#### Provided entries ####

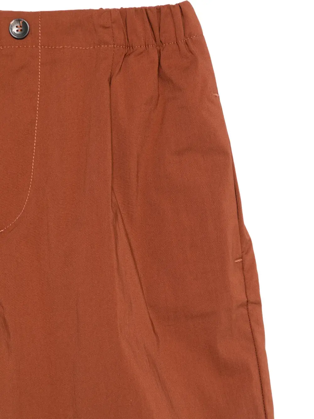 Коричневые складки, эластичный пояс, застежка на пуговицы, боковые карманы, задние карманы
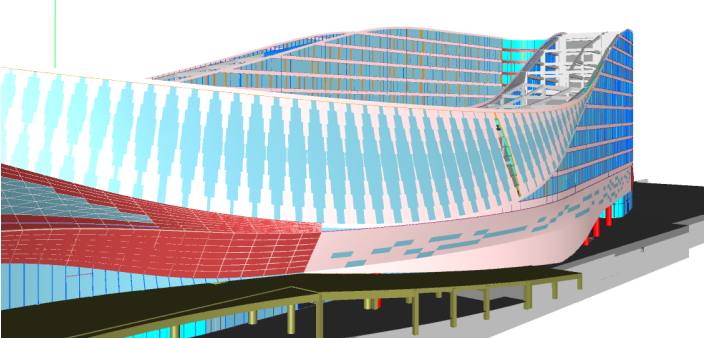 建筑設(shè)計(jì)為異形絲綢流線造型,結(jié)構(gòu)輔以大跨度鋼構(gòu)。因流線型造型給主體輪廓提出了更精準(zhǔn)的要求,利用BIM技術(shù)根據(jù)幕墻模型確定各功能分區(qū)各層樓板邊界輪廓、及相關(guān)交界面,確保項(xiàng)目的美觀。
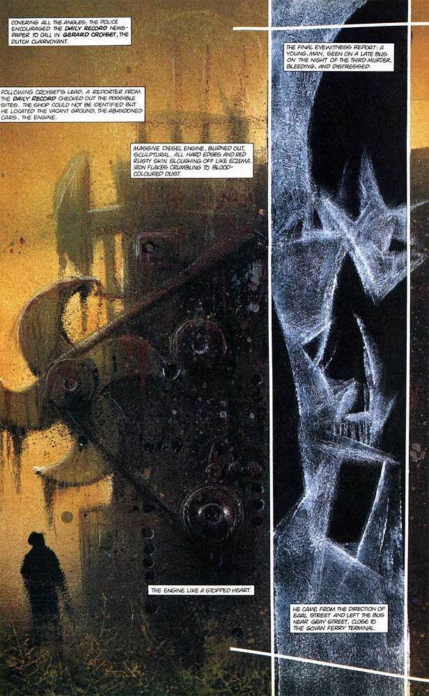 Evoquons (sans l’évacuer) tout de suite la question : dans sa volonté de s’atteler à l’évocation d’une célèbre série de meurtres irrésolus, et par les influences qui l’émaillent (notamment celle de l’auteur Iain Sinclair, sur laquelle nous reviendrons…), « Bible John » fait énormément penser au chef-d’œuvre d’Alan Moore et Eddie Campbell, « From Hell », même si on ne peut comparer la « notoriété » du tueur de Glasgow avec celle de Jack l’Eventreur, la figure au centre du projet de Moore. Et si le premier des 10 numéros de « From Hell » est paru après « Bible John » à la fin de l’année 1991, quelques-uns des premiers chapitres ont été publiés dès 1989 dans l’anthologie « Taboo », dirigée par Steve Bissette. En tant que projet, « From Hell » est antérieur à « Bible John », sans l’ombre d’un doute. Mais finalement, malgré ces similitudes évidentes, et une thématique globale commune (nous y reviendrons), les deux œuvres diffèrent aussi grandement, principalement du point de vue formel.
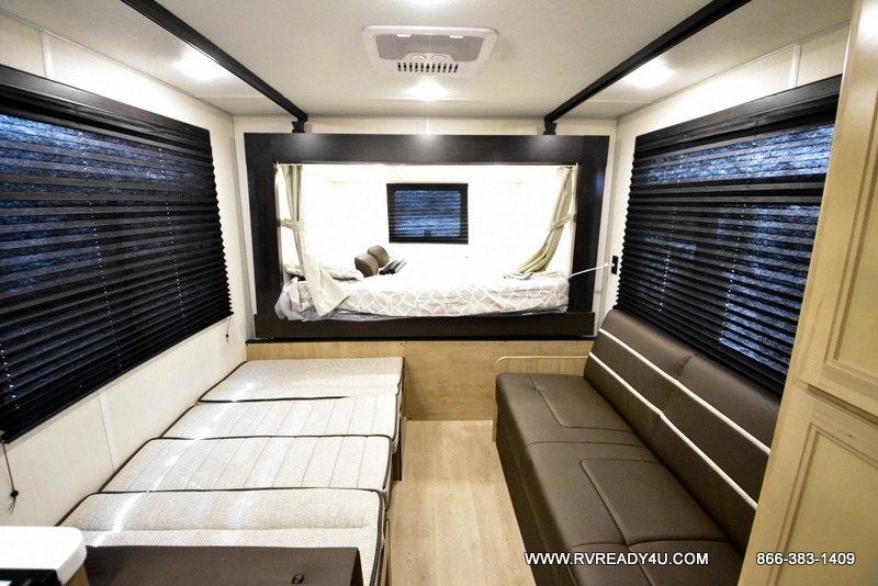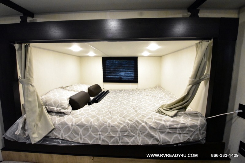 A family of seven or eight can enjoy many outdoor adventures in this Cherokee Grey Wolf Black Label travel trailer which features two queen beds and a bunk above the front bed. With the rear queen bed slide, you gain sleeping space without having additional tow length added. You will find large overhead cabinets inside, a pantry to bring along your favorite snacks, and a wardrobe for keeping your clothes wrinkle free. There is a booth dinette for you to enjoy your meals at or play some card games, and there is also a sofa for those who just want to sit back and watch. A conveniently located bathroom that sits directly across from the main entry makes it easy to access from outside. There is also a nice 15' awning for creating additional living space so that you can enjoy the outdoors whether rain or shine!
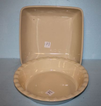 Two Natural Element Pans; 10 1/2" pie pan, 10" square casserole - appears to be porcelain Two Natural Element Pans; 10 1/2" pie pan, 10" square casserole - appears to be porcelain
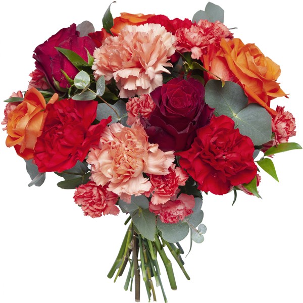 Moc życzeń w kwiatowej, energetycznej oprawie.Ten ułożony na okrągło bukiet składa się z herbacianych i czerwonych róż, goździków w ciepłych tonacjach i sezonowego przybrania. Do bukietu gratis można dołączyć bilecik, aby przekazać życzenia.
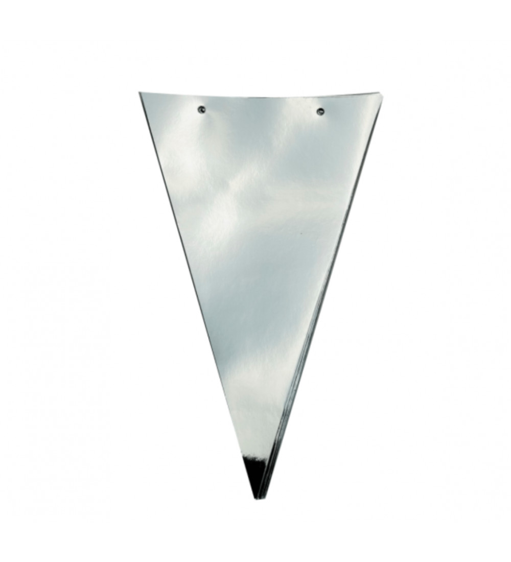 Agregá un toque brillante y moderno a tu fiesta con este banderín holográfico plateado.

####

The copy should hold exactly the lines from the line containing "A family of" through the last line of the records, both included, and no pictures or other lines.

§ **Your response**:
 A family of seven or eight can enjoy many outdoor adventures in this Cherokee Grey Wolf Black Label travel trailer which features two queen beds and a bunk above the front bed. With the rear queen bed slide, you gain sleeping space without having additional tow length added. You will find large overhead cabinets inside, a pantry to bring along your favorite snacks, and a wardrobe for keeping your clothes wrinkle free. There is a booth dinette for you to enjoy your meals at or play some card games, and there is also a sofa for those who just want to sit back and watch. A conveniently located bathroom that sits directly across from the main entry makes it easy to access from outside. There is also a nice 15' awning for creating additional living space so that you can enjoy the outdoors whether rain or shine!
 Two Natural Element Pans; 10 1/2" pie pan, 10" square casserole - appears to be porcelain Two Natural Element Pans; 10 1/2" pie pan, 10" square casserole - appears to be porcelain
 Moc życzeń w kwiatowej, energetycznej oprawie.Ten ułożony na okrągło bukiet składa się z herbacianych i czerwonych róż, goździków w ciepłych tonacjach i sezonowego przybrania. Do bukietu gratis można dołączyć bilecik, aby przekazać życzenia.
 Agregá un toque brillante y moderno a tu fiesta con este banderín holográfico plateado.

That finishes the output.